India will use five escrow accounts in Iranian banks to pay for deliveries of Iranian crude oil amid U.S. sanctions, Bloomberg reports, citing sources close to the situation. The accounts are in the name of state Indian lender UCO Bank.
The payments will be made in Indian rupees in a bid to avoid punitive action from Washington, the sources also said. Also, the deposits are spread across five banks to reduce risk in case Washington decides to add more Iranian banks to its sanction list.
“We already have 15 Iranian bank accounts, out of these five have come under secondary sanctions,” the managing director of UCO Bank said yesterday. He also said, however, the other 10 are still good to use for bilateral transactions.

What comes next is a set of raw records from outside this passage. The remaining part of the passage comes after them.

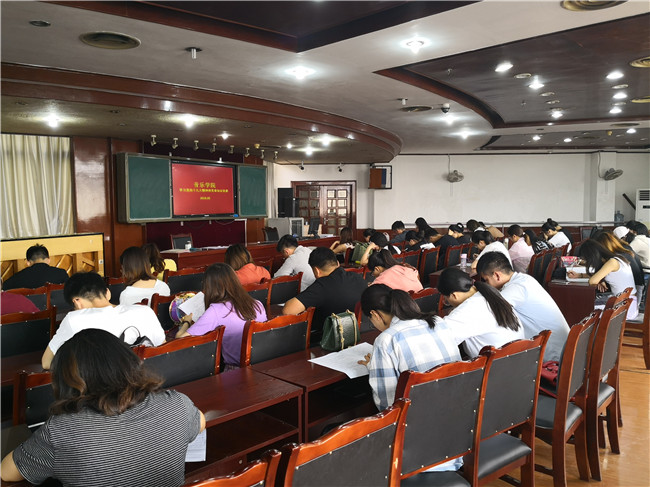 伟德国际victor1946于5月23日在学院会议室组织开展员工党员“十九大精神及党章知识竞赛”活动,本次竞赛由分团委书记杨锐主持,在校全体员工党员参加。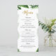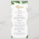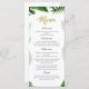 Menú para cualquier celebración fiesta con texto purpurina dorado y hojas tropicales.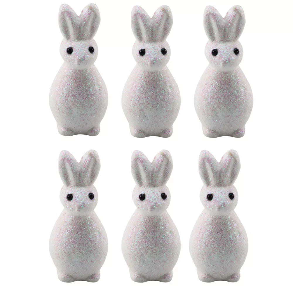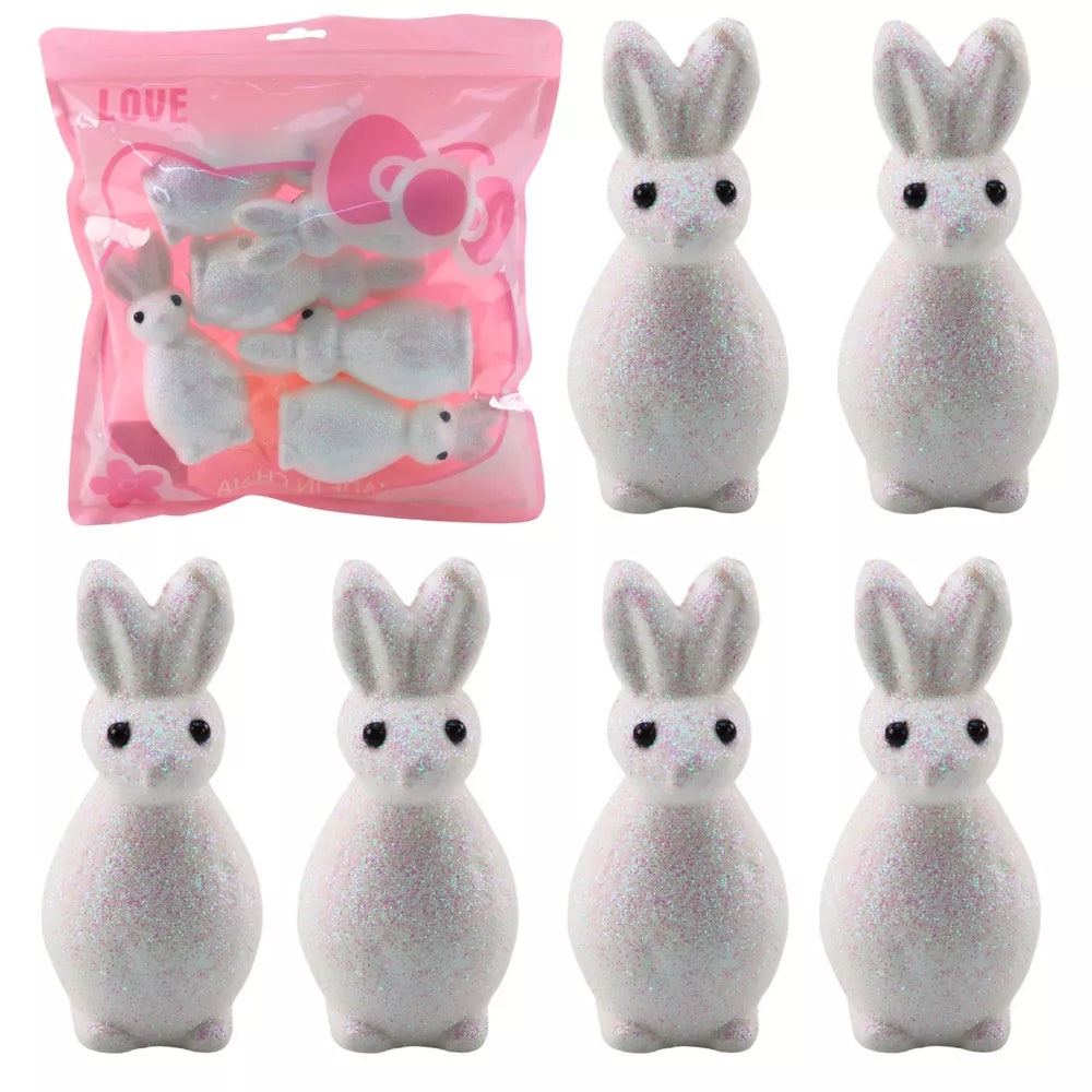 6 putplasčio kiškučiai, padengti blizgučiais (balti)

Iran, according to the Bloomberg sources, will use the money to cover the expenses of its diplomatic missions in India, and to buy essential goods.
The information should not come as a surprise despite the United States’ efforts to distance India from Iran and wean it off its oil. One of the world’s top consumers of crude imports almost 80 percent of the oil it guzzles, and it is extremely vulnerable to price shocks, so Iranian crude remains vital for India.
Since the price of the oil it buys is of the utmost importance, Iran’s favorable credit terms and lower prices are certainly an attractive alternative to a long and difficult process of finding other—and costlier—sources of the commodity. Despite higher intake of Saudi and U.S. oil, completely replacing Iranian crude has proven more than just tricky.
In recognition of the fact, Washington granted India, along with another seven large Iran oil importers, a six-month waiver from the sanctions with the caveat these importers were expected to reduce their intake of Iranian crude further.